Enginarın kan şekeri ve kan lipit düzeylerini düzenlediği, sindirim sistemini destekleyerek hazımsızlığı engellediği, safra akışına yardımcı olduğu, içerdiği folik asitle hamilelikte bebeğin sinirsel gelişimine ve anne sütü miktarının arttırılmasına destek olduğu bilinmektedir.
Enerji içeriği düşüktür. Fenolik bileşikler, posa, C ve K vitaminleri ile fosfor, magnezyum, potasyum minerallerinden zengin bir sebzedir.
Enginarın bileşimindeki birçok fitokimyasal maddenin, kanser ajanlarının salgılanmasını engelleyerek kansere ilişkin anjiyogenezi inhibe edebileceği belirtilmektedir. Aynı zamanda enginarda; prostat kanseri, meme kanseri ve löseminin önlenmesi ve tedavisine katkıda bulunabilecek birçok güçlü polifenol tipte antioksidan bulunmaktadır. Çalışmalar, enginar yaprağında bulunan rutin, kuersetin ve gallik asidin apoptoziyi indükleyebildiğini ve kanser hücrelerinin çoğalmasını azalttığını göstermiştir.
Enginarın gövde ve yaprak ekstratları agar difüzyon tekniği kullanılarak incelenmiş ve yapılan çalışmalarda antifungal ve antimikrobiyal etkinliğinin olduğu tespit edilmiştir. Enginar yaprağında bolca bulunan sinarin maddesinden faydalanmak için enginar yemeği yapılabileceği gibi enginar yapraklarından çay da hazırlanabilir.

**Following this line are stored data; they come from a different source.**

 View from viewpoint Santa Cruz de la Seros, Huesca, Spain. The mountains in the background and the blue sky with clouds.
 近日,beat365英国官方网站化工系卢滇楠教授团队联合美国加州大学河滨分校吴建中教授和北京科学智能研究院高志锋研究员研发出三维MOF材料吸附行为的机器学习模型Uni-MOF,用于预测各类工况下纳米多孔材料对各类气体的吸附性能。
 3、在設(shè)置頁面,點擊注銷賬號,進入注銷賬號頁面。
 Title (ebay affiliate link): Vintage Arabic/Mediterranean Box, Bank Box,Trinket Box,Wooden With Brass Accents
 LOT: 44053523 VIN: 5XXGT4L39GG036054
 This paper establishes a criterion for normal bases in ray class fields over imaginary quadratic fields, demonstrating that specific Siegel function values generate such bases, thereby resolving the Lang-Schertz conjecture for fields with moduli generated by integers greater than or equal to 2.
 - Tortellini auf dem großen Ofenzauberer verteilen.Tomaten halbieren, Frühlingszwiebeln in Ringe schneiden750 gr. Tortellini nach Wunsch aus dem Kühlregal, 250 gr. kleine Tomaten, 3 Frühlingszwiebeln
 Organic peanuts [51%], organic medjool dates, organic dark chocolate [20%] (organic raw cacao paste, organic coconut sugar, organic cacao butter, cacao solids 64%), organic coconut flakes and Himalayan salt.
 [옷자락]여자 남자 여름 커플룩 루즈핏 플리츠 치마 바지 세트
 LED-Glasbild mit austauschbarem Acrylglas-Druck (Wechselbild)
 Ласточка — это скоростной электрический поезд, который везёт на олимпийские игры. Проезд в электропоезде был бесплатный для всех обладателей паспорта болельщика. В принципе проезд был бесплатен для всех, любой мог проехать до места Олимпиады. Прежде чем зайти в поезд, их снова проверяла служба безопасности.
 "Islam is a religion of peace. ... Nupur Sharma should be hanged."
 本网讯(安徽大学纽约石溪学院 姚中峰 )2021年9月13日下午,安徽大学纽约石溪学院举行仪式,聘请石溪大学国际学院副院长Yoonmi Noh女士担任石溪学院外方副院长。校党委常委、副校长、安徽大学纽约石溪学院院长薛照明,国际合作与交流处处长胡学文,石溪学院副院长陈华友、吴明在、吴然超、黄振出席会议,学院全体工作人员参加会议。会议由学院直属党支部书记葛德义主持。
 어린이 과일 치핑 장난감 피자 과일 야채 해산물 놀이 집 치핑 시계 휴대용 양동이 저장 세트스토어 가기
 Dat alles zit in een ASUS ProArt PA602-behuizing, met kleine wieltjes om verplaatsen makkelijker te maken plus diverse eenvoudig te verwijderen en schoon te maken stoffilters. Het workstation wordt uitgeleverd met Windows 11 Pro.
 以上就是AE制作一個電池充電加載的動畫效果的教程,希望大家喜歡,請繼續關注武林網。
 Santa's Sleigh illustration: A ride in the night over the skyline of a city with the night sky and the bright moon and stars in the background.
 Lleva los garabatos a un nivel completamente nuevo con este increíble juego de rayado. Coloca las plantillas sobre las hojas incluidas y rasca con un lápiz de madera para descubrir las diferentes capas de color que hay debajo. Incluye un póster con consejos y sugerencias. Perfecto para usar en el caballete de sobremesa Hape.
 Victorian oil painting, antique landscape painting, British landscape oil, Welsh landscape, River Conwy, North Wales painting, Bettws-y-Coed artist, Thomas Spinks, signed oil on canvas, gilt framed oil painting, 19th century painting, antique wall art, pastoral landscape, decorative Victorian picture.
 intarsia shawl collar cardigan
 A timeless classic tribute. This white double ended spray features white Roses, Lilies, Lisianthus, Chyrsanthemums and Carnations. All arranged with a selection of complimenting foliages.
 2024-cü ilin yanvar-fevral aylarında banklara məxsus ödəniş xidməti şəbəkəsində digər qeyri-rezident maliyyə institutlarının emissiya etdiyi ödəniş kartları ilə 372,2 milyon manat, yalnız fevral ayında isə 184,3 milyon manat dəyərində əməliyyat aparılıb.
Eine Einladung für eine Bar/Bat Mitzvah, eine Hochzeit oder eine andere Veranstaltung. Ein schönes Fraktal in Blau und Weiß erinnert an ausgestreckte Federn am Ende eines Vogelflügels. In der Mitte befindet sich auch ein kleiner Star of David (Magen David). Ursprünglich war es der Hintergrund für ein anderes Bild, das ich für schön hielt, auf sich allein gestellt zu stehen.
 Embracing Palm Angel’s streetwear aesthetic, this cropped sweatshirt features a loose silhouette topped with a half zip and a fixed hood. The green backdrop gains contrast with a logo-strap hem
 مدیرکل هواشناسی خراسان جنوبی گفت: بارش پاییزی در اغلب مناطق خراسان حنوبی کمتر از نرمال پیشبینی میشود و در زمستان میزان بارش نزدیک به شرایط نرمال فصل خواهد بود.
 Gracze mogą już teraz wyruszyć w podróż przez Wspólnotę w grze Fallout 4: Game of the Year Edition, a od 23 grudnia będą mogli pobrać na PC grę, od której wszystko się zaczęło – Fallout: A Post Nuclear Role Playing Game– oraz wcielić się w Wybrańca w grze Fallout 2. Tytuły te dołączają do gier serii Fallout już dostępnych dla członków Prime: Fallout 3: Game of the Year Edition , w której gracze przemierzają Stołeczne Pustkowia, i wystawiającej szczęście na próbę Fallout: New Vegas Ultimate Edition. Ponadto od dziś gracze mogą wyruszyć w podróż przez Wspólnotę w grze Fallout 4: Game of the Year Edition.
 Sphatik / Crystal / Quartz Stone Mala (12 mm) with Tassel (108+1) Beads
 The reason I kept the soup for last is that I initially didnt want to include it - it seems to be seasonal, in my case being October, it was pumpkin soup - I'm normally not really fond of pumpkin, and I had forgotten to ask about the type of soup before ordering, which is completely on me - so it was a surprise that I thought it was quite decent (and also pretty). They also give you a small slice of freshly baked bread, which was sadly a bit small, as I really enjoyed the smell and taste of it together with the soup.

Ülkemizde organik enginar üretiminde İzmir ilk sırada yer almaktadır. İzmir'de, organik tarım alanında yapılan yenilikler ile birlikte son 5 yılda enginar üretimi yüzde 32 oranında artış göstermiştir. İzmir'de Balçova, Mordoğan, Çeşme ve Karaburun civarlarında yetişir. İzmir civarında yetişen ve Urla enginarı olarak da bilinen coğrafi işaretli Urla sakız enginarı daha küçüktür, yapraklarıyla yenebilir. Sakız enginarın hasatı kasım ayında başlar nisan ayının sonuna kadar devam eder. Bayrampaşa enginarı ise daha çok İstanbul ve Bursa'da yetişir, mayıs ve haziranda olgunlaşır. Bu enginar iri gövdeli ve top şeklindedir. Kart yapraklı olduğundan daha çok çanağı yenir. Taze tüketim kadar konserveye de uygundur.
Enginarı en keyif veren şekilde pişiren kültürlerden biriyiz. Ağızda eriyen zeytinyağlı enginar ve kendi başına gösterişli bir yemek olan enginar dolması akla ilk gelenler. Enginarı özellikle yetiştiği bölgelerde temizlenmiş şekilde satın alabilmek de büyük şans. Haşlanmış, ızgara, fırın, kızartma, zeytinyağlı, dolma... ne şekilde pişerse pişsin enginar en güzide sofralarda yerini alabilen kalp ve karaciğer dostu bir sebzedir.